Extract, exactly and without pictures, every line from the one that includes "12月7日,北京科技大学,学子们在跑步比赛中。中青报·中青网记者 陈剑/摄" through the final line of the material below.

● **Provided material**:
"""
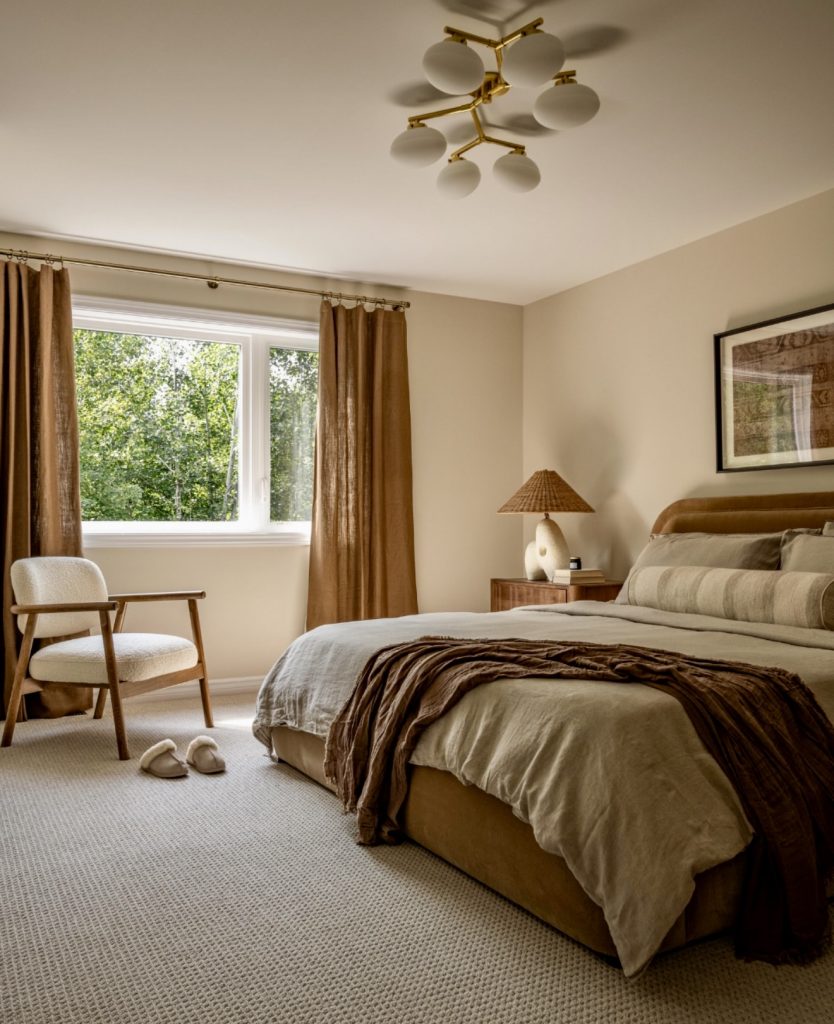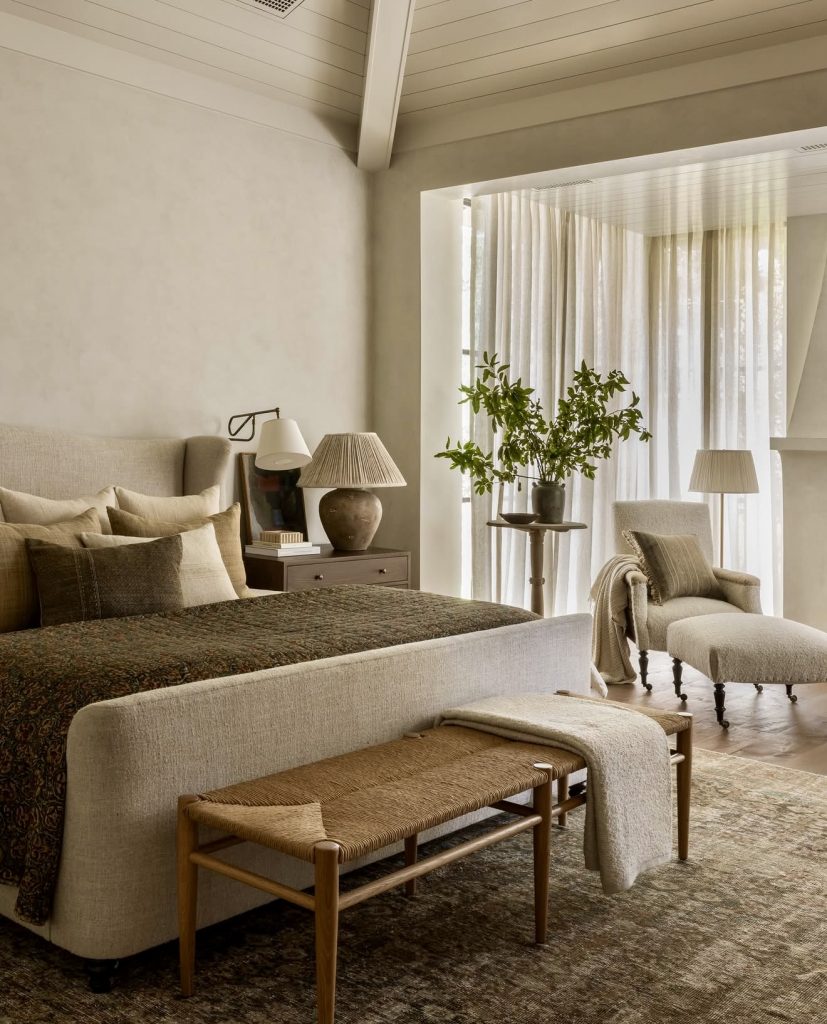 This cozy master retreat blends earthy neutrals with tailored simplicity. Linen drapery filters soft light across textured bedding, while natural wood benches and handcrafted ceramics reinforce a grounded sensibility. The muted palette and clean lines evoke a Japandi calm—perfect for anyone seeking slow-living inspirations. Add greenery or organic pottery to mirror this look, keeping your room ideas cohesive and timeless.
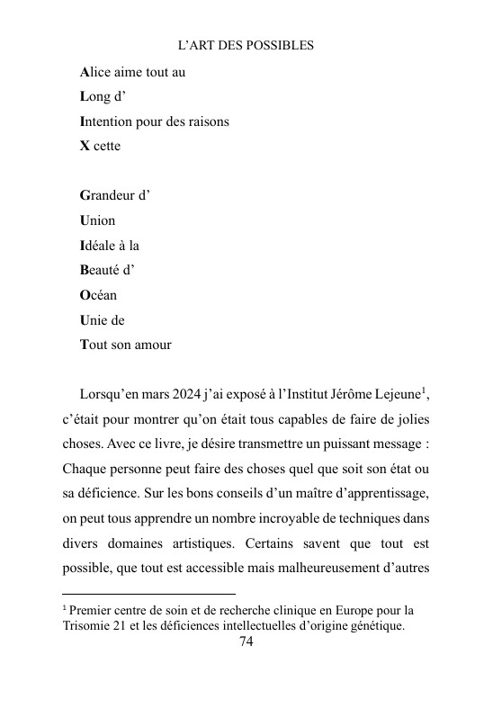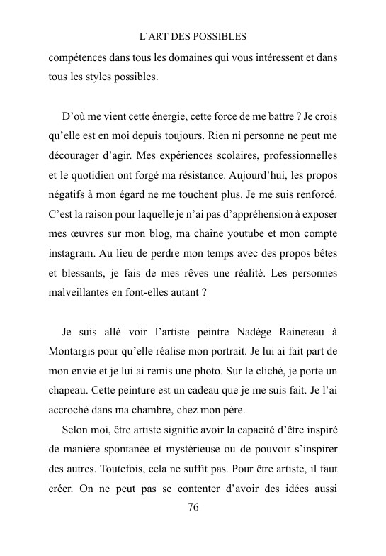 « L’art des possibles » est le fruit de ma collaboration avec l’artiste David Barbazange. Un témoignage puissant et émouvant sur la capacité d’un homme à ne pas s’avouer vaincu par les défis de la vie. Tel le personnage de bande dessinée Tintin, son alter ego imaginaire, il prend un malin plaisir à surmonter chaque obstacle posé sur son chemin. Les difficultés deviennent des opportunités, celles d’apprendre et d’évoluer.
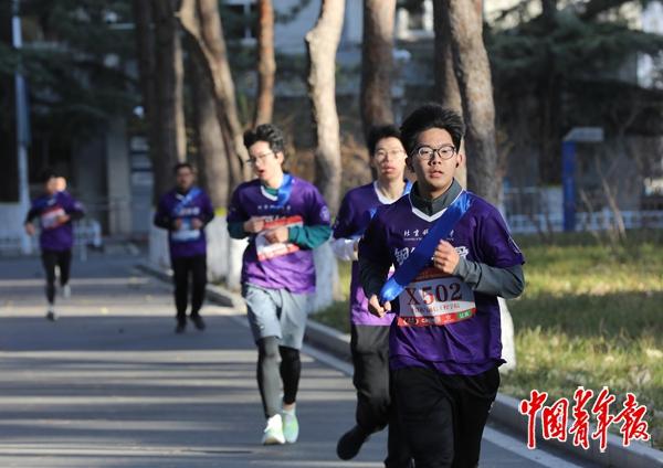 12月7日,北京科技大学,学子们在跑步比赛中。中青报·中青网记者 陈剑/摄
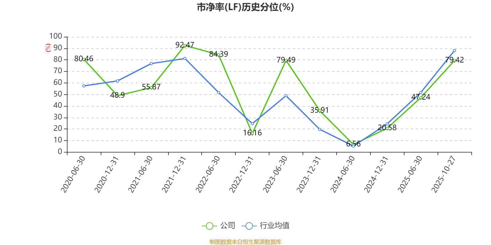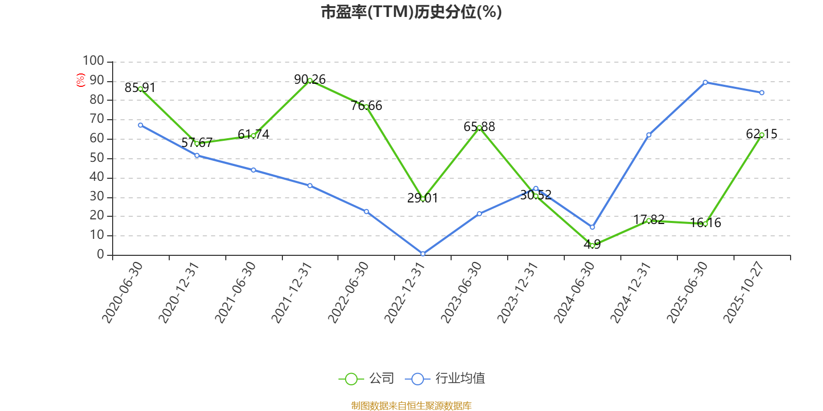 市盈率、市净率为负时,不显示当期分位数,会导致折线图中断。
"""
● **Completed exercise**:
 12月7日,北京科技大学,学子们在跑步比赛中。中青报·中青网记者 陈剑/摄
 市盈率、市净率为负时,不显示当期分位数,会导致折线图中断。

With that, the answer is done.